Orchestrator ATTACHes it automatically.
### Authentication
Auth providers in `app/auth/` (FastAPI-based):
- **Google**: OAuth via Google
- **Email**: Email magic link (itsdangerous token)
- **Desktop**: JWT for API
## Key Implementation Details
### DuckDB Schema (src/db.py)
- Schema v7 with auto-migration from v1→v2→v3→v4→v5→v6→v7 (v5 adds `users.active`, v6 adds `personal_access_tokens`, v7 adds `personal_access_tokens.last_used_ip`)
- `table_registry`: id, name, source_type, bucket, source_table, query_mode, sync_schedule, etc.
- `sync_state`, `sync_history`: track extraction progress
- `users`, `dataset_permissions`, `audit_log`: auth + RBAC
- System DB at `{DATA_DIR}/state/system.duckdb`
- Analytics DB at `{DATA_DIR}/analytics/server.duckdb`
### SyncOrchestrator (src/orchestrator.py)
- `rebuild()`: scans extracts dir, ATTACHes all, creates master views, updates sync_state
- `rebuild_source(name)`: single source (used after Jira webhooks)
- Thread-safe via `_rebuild_lock`
### Connector Pattern
- **Keboola**: `connectors/keboola/extractor.py` uses DuckDB Keboola extension, fallback to `client.py`
- **BigQuery**: `connectors/bigquery/extractor.py` uses DuckDB BQ extension (remote-only, no download)
- **Jira**: `connectors/jira/webhook.py``incremental_transform.py``extract_init.py` updates `_meta`
- `connectors/keboola/client.py`: legacy Keboola Storage API wrapper (kept as fallback)
### Config Loading
1. `config/loader.py` loads `instance.yaml`
2. `app/instance_config.py` exposes `get_data_source_type()`, `get_value()`
3. Table config lives in DuckDB `table_registry` (not markdown files)
### Files NOT to modify (stable infrastructure)
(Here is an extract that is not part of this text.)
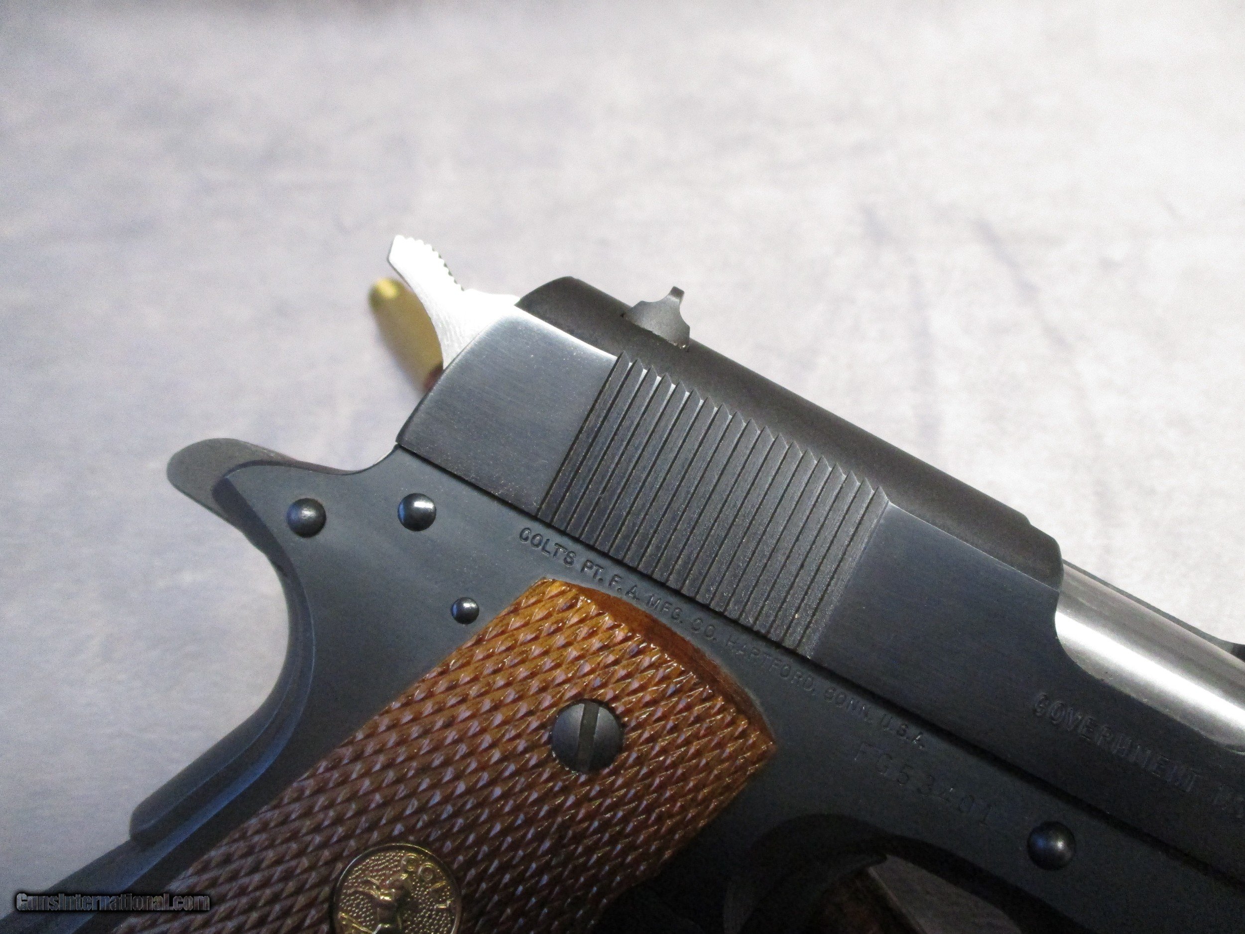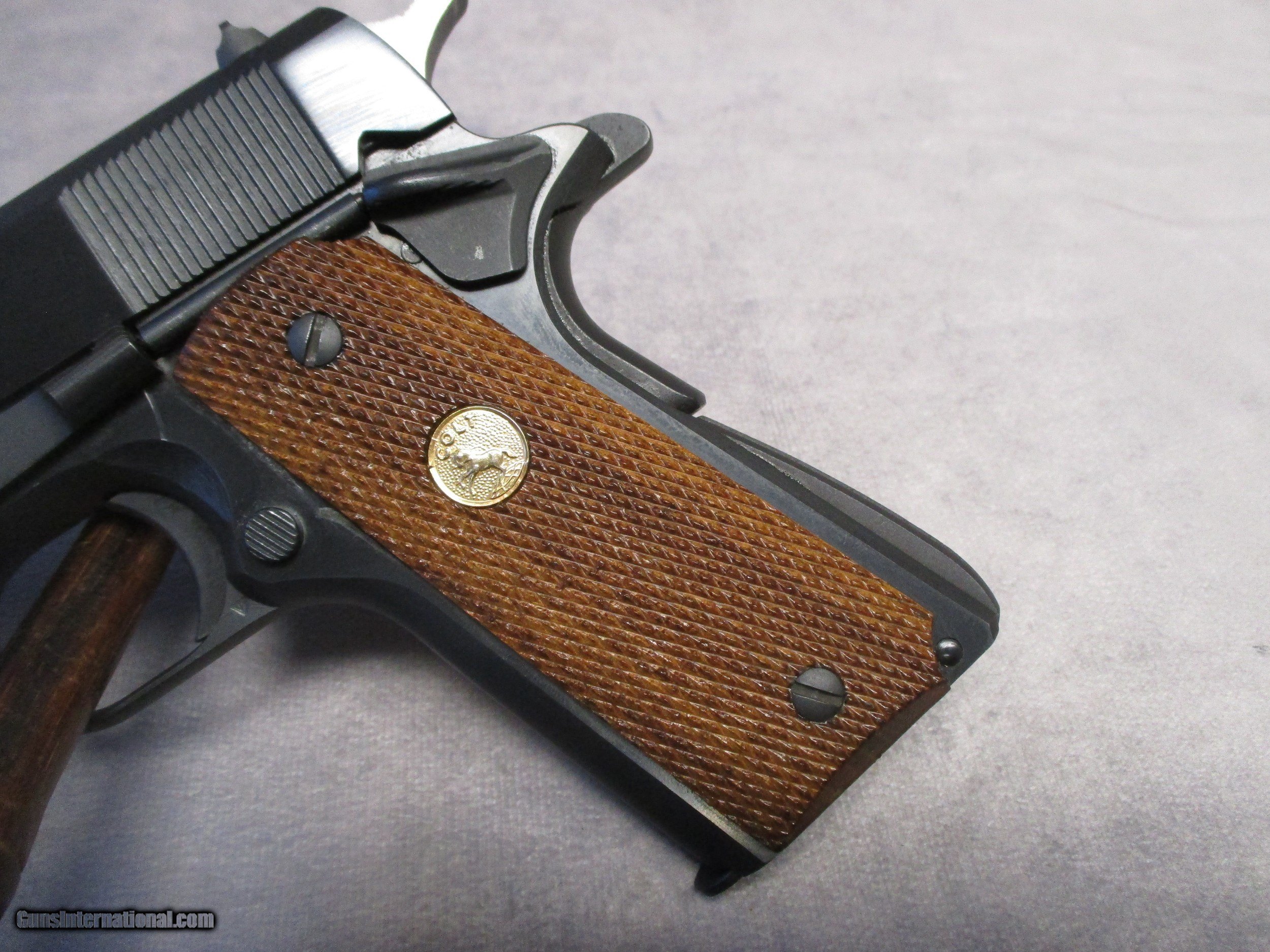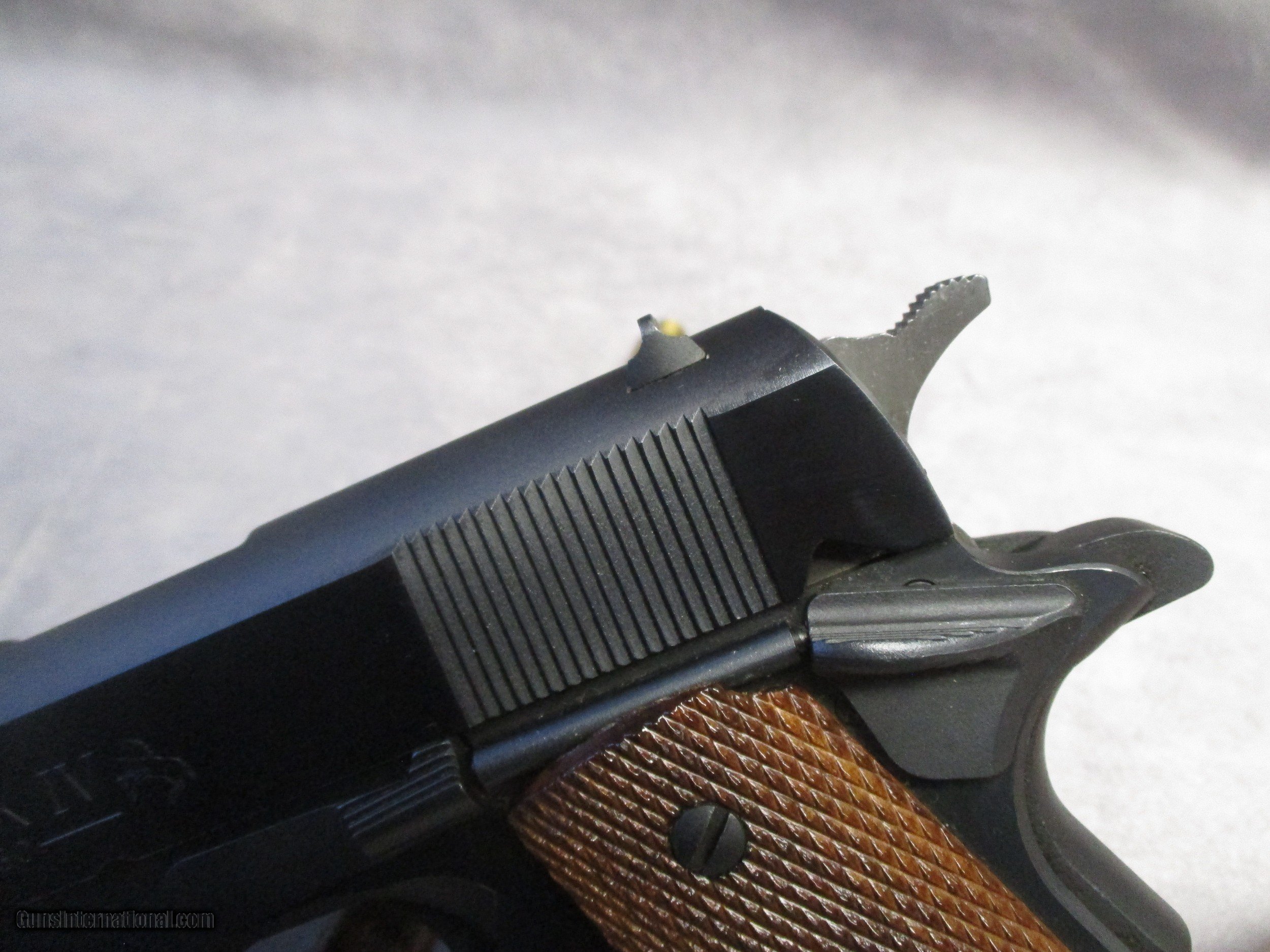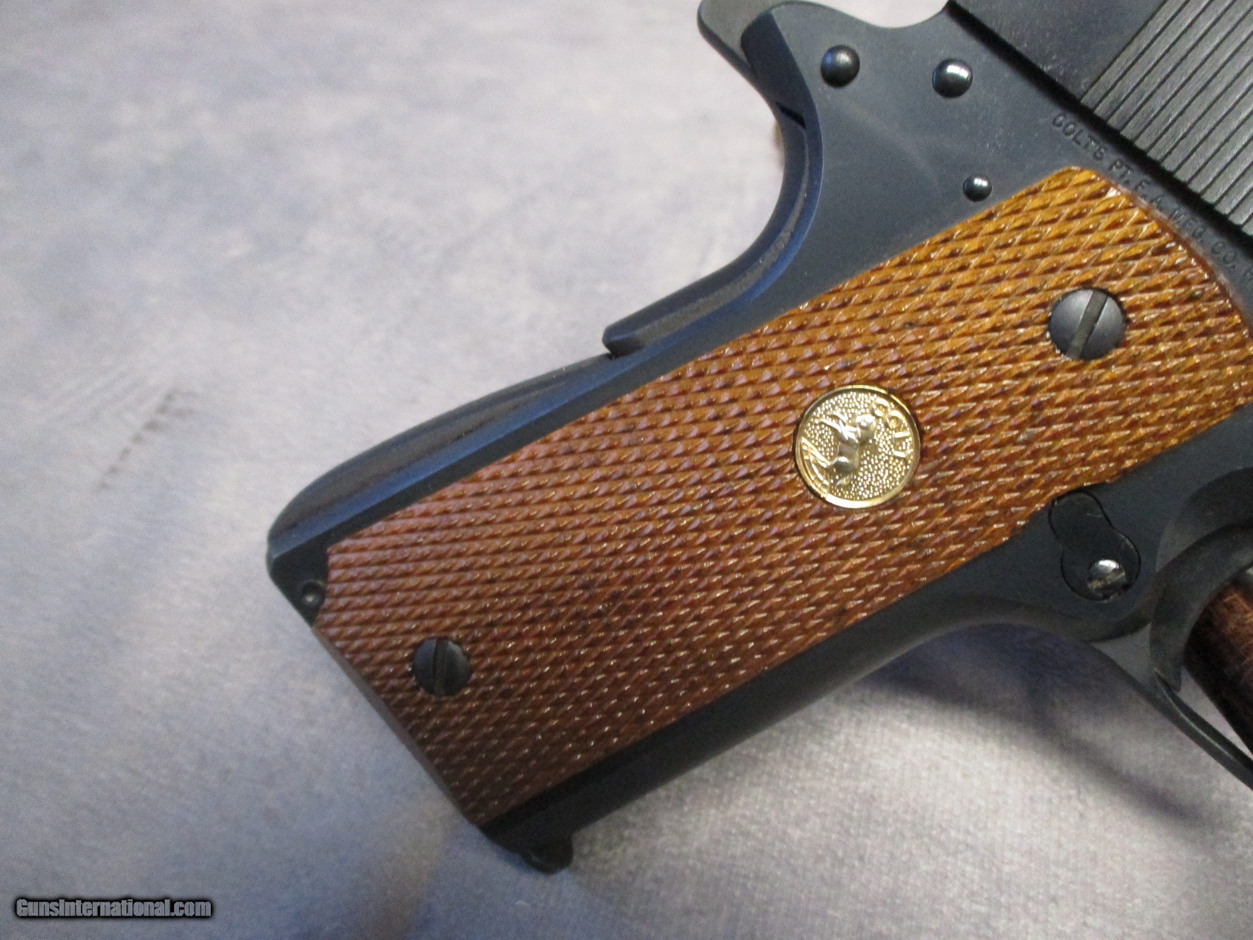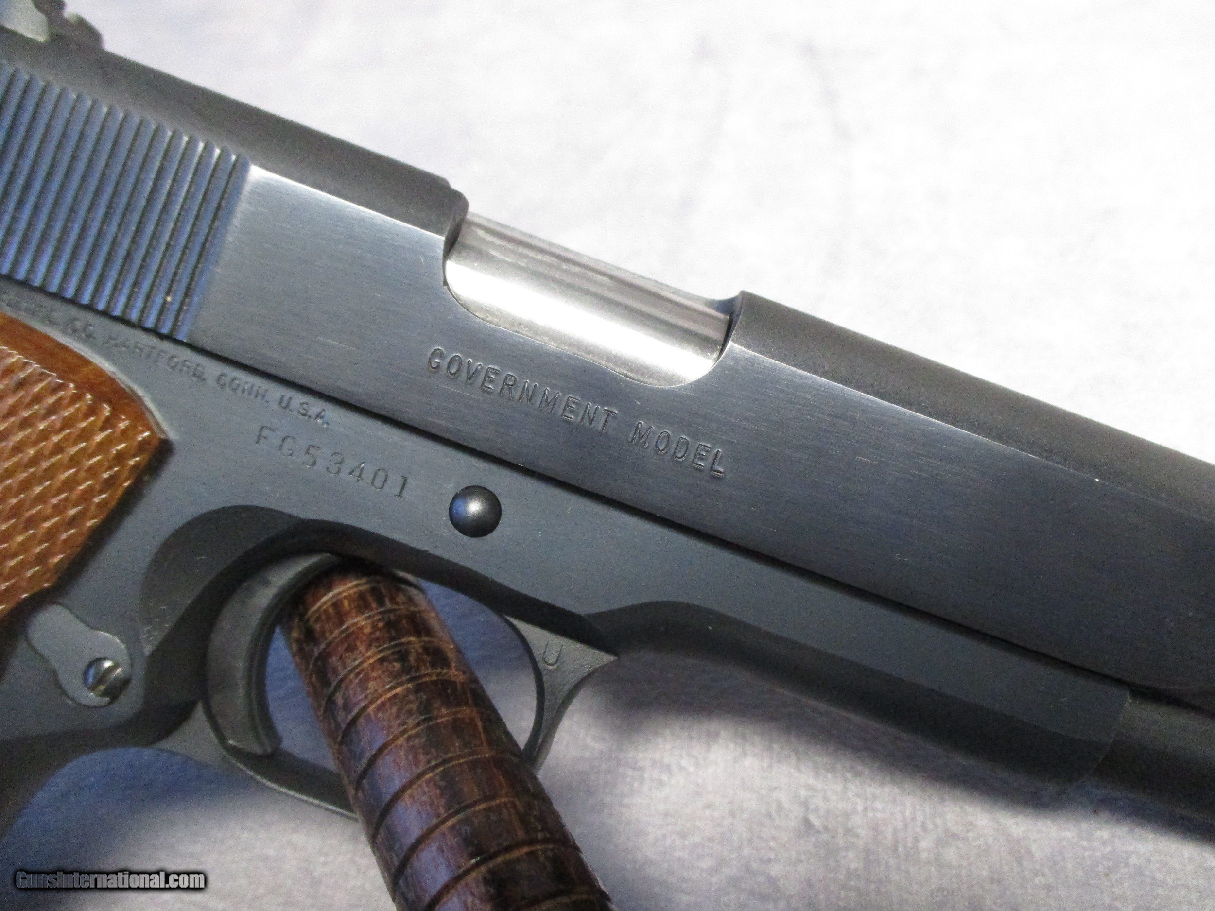 Description: The Colt 1911 is perhaps the most famous semi-automatic pistol ever made having a long and successful carrier in both military and civilian use. The 1911 and its cartridge, the famous .45 ACP, were designed by John Moses Browning to fulfill a requirement by the U.S. Army for a new service pistol which would also become the first semi-automatic to be officially adopted by the U.S. Army, replacing the M1909 revolver in .45 Colt in service. The 1911 proved to be one of the most reliable and durable semi-automatic pistols ever designed, successfully serving the U.S. Armed Forces through World War I, World War II, Korea, and Vietnam. This nice pistol is a Mark IV Series 80, which according to the Coltsite, was produced in 1985. It is in excellent condition and comes with its original box. There are only three signs of wear. The first is a mark on the let side of the frame underneath the slide lock. This is a type of mark that is frequently seen on 1911s and is a result of improper reassembly of the pistol. The second is some light wear in the finish on the front strap. The third is a modest amount of finish loss on the barrel from the cycling of the slide. This is not visible when the slide is all the way forward. Otherwise, the pistol appears as it did the day it left the factory. SOLD Handgun Caliber: .45 ACP (.45 Auto) Manufacturer: Colt's PT. F.A. Mfg. Co. Model: Mark IV Series 80 Serial Number: FG53401 Bore: Rifled Condition: Excellent Barrel Type: Tilting Action: Semi-Auto, Short recoil, Locked Breech Triggers: Crescent moon trigger w/serrations Stock: Checkered walnut with CO Finish: Blued Sights: Dovetailed front and rear, sight radius 6.5 inches (165 mm) Manufacture Date: 1985 Case: Colt box |

- `connectors/jira/file_lock.py` - Advisory file locking
- `connectors/jira/transform.py` - Core Jira transform logic
- `services/ws_gateway/` - WebSocket notification gateway
## Vendor-agnostic OSS — no customer-specific content
This repo is the public OSS distribution. **Nothing customer-specific belongs in code, configuration defaults, comments, docs, commit messages, PR titles, or PR bodies.** That includes:
- Specific deployments or brands (private VM names, internal product brands, organization names that aren't already public sponsors).
- Cloud project IDs, internal hostnames, runbook paths from a particular install (`/opt/<deployment>`, `<host>.<internal-domain>`, `prj-<org>-…`, internal SA emails).
- Cross-references to private repos (`<private-org>/<private-repo>#NN`). Describe the integration in generic terms or link to public examples instead.
When you motivate a change, frame it abstractly ("behind a TLS-terminating reverse proxy", "in containerized deploys") rather than naming a specific operator. When you show examples, use placeholders (`example.com`, `<your-host>`, `<install-dir>`). When config has reasonable defaults pulled from one deployment's habits, generalize them or surface them as documented examples — not hard-coded assumptions.
Customer-specific automation, hostnames, and identities live in private infra repos that *consume* this OSS. The OSS describes capabilities, defaults, and configuration knobs — not how a specific operator wired them up.
## Git Commits & Pull Requests
- Keep commit messages clean and concise
- Do not include AI attribution in commits or PRs
- Before opening a PR, scan the diff and the PR body for the customer-specific tokens listed above (`grep -niE '<token1>|<token2>|...'`). If anything matches, generalize or remove it.